SET allow_experimental_window_functions = 1;
SELECT
k AS key,
If(isNotNull(key), sum, toUInt64(sum - wind)) AS res
FROM
(
SELECT
*,
sumIf(sum, isNotNull(k)) OVER () AS wind
FROM
(
SELECT
toNullable(k) AS k,
sum(number) AS sum
FROM top_with_rest
GROUP BY k
WITH CUBE
ORDER BY sum DESC
LIMIT 11
)
)
ORDER BY res ASC
┌─key──┬──────res─┐
│ 990 │ 99045 │
│ 991 │ 99145 │
│ 992 │ 99245 │
│ 993 │ 99345 │
│ 994 │ 99445 │
│ 995 │ 99545 │
│ 996 │ 99645 │
│ 997 │ 99745 │
│ 998 │ 99845 │
│ 999 │ 99945 │
│ null │ 49000050 │
└──────┴──────────┘
Window functions allow efficient summation of the total and top groups in one query.

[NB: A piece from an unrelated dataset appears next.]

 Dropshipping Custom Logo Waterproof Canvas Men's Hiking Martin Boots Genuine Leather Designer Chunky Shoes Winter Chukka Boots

Method 4: Using Row Number and Grouping
This approach calculates the row number (rn) for each group and replaces the remaining groups with NULL.
SELECT
k,
sum(sum) AS res
FROM
(
SELECT
if(rn > 10, NULL, k) AS k,
sum
FROM
(
SELECT
k,
sum,
row_number() OVER () AS rn
FROM
(
SELECT
k,
sum(number) AS sum
FROM top_with_rest
GROUP BY k
ORDER BY sum DESC
)
)
)
GROUP BY k
ORDER BY res
┌─k────┬──────res─┐
│ 990 │ 99045 │
│ 991 │ 99145 │
│ 992 │ 99245 │
│ 993 │ 99345 │
│ 994 │ 99445 │
│ 995 │ 99545 │
│ 996 │ 99645 │
│ 997 │ 99745 │
│ 998 │ 99845 │
│ 999 │ 99945 │
│ null │ 49000050 │
└──────┴──────────┘
This method uses ROW_NUMBER() to segregate the top N from the rest.

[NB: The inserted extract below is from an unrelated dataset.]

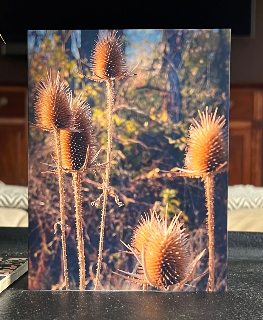 “Early Spring Sunrise”, pastel reproduction“Salmon Portualca”, photo“Backlit Sunflower”, pastel reproduction“Chives in Bloom”, photo“Hollyhocks in Bright Summer Sun”, detail from pastel reproduction “Wood Violet”, watercolor reproduction “Pear Blossoms”, photo“Common Teasel”, photo“Winter Contrast”, pastel reproduction “Springtime Bouquet”, detail from pastel reproduction “Horse Chestnut”, mixed media reproduction“Ash”, mixed media reproduction“Touch of Frost”, photo“First Crocus”, watercolor reproduction

Method 5: Using WITH TOTALS
This method includes totals for all groups, and you calculate the remainder on the application side.
SELECT
k,
sum(number) AS res
FROM top_with_rest
GROUP BY k
WITH TOTALS
ORDER BY res DESC
LIMIT 10
┌─k───┬───res─┐
│ 999 │ 99945 │
│ 998 │ 99845 │
│ 997 │ 99745 │
│ 996 │ 99645 │
│ 995 │ 99545 │
│ 994 │ 99445 │
│ 993 │ 99345 │
│ 992 │ 99245 │
│ 991 │ 99145 │
│ 990 │ 99045 │
└─────┴───────┘
Totals:
┌─k─┬──────res─┐
│ │ 49995000 │
└───┴──────────┘
You would subtract the sum of the top rows from the totals in your application.

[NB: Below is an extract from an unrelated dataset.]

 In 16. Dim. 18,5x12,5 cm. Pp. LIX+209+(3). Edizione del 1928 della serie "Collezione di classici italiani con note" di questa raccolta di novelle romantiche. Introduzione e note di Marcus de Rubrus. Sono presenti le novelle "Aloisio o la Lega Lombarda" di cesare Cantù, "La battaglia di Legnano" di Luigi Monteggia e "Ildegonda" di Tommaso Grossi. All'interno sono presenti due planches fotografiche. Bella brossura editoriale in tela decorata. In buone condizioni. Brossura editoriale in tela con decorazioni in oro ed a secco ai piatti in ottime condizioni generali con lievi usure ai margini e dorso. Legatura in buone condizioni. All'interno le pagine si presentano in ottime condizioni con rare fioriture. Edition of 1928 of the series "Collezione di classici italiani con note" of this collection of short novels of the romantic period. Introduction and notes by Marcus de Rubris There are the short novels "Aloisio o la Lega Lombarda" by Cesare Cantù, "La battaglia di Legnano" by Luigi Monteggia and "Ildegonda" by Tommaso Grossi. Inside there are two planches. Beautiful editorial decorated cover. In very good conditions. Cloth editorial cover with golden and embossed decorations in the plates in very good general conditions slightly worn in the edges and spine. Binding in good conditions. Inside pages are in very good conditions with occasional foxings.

These methods offer different approaches for handling the Top N rows and aggregating the remainder in ClickHouse. Depending on your requirements—whether you prefer using UNION ALL, arrays, window functions, or totals—each method provides flexibility for efficient querying.